#ubuntu-accessibility 2011-05-23
<TheMuso> AlanBell: ah ok, you have filed a bug about that. I'll set it to be displayed when I next upload Orca.
 * UndiFineD 404 @ TheMuso, 
<TheMuso> UndiFineD: ??
<UndiFineD> bug 778749
<ubot2> Launchpad bug 778749 in pulseaudio "[Realtek ALC892] ALSA test tone not correctly played back" [Undecided,Incomplete] https://launchpad.net/bugs/778749
<UndiFineD> that link you give is a 404 for me
<valorie> works here, UndiFineD
<UndiFineD> Log
<UndiFineD> This page does not exist yet. You can create a new empty page, or use one of the page templates.
<valorie> interesting
<valorie> I click that link, and FF opens it right up
<valorie> have you tried a different browser?
<UndiFineD> done, same 
<UndiFineD> it is the link luke mentioned to me
<UndiFineD> the but page opens just fine ... but not the suggested page in the solution
<valorie> oh, I see
<valorie> that's because PulsaAudio is misspelled
<valorie> https://wiki.ubuntu.com/PulseAudio/Log works, I bet
<valorie> heh
<UndiFineD> ah .. too early to spot that
<UndiFineD> thanks valorie 
<valorie> :-)
<valorie> glad I could help
<valorie> and that page looks useful
<UndiFineD> TheMuso, the logfile is attached
<TheMuso> UndiFineD: Thanks, and apologies. Been doing a lot of typing today, and I also think I need a new keyboard.

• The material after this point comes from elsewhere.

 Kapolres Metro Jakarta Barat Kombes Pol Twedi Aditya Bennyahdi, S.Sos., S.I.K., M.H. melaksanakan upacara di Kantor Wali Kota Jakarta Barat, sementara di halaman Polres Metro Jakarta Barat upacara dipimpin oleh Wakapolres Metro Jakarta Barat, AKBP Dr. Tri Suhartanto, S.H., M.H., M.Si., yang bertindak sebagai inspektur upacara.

<UndiFineD> TheMuso, i still want my optimus maximus
<UndiFineD> oled
#ubuntu-accessibility 2011-05-24
<Cheri703> Just as a heads up: I'm told that Lubuntu is looking for an accessibility liaison, there are plans to mail the list. some guy in my LoCo who knew I'm on the accessibility team mentioned it. :)

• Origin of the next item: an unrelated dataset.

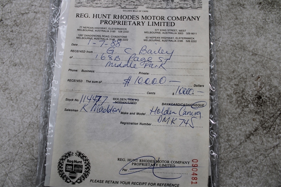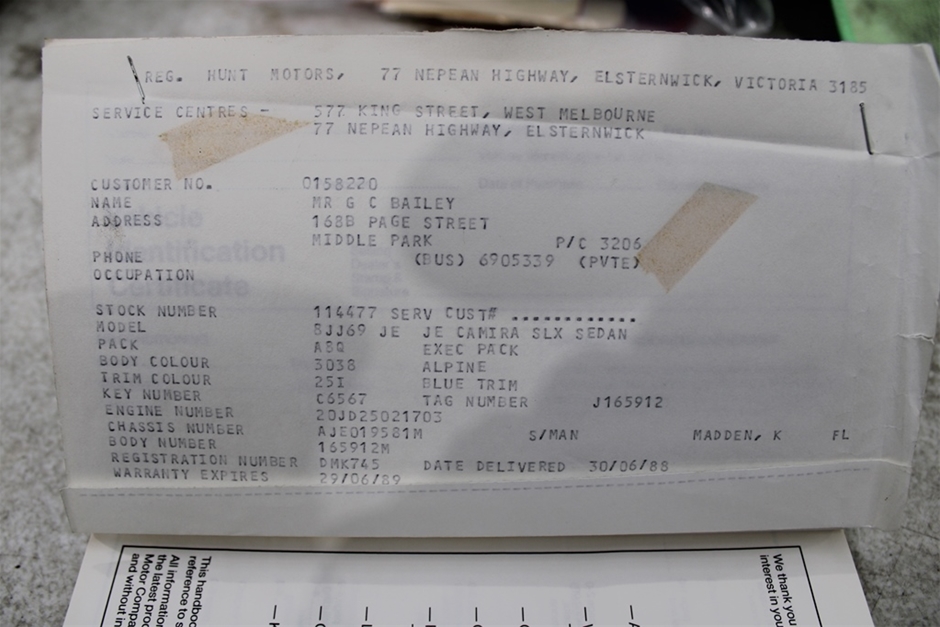 | Part of Sale | 1988 Holden JE Camira SLX Executive Automatic Sedan | ||||

<TheMuso> Cheri703: Thanks.
<Cheri703> yep :)
<maco> http://is.gd/vnPvog   <-- Ubuntu user experience survey
<maco> (not the same as the advertising survey)
#ubuntu-accessibility 2011-05-25
<AlanBell> maco: for the Ubuntu was installed question can you add "by someone else" "already when I bought the computer"
<maco> AlanBell: think its a bit late :-/ >500 answers now
<AlanBell> excellent
<AlanBell> can't you add answers as it goes along?
<maco> AlanBell: could, but stats would get weird
<AlanBell> ok
<AlanBell> awesome that you are getting loads of answers
<maco> btw, on screen keyboard is the most common accessibility tool used by respondents so far
<maco> despite being hidden :P
<AlanBell> yeah, TheMuso is going to unbreak that
<AlanBell> it is not hidden in the upstream, it is an ubuntu patch that deliberately breaks it
<maco> yeah i know
<Cheri703> posting this here and u-w: http://www.theatlantic.com/national/archive/2011/05/memo-to-dc-metro-police-its-best-not-to-abuse-people-in-wheelchairs/239422/
<maco> that's U Street
<UndiFineD> They should be fired immediately!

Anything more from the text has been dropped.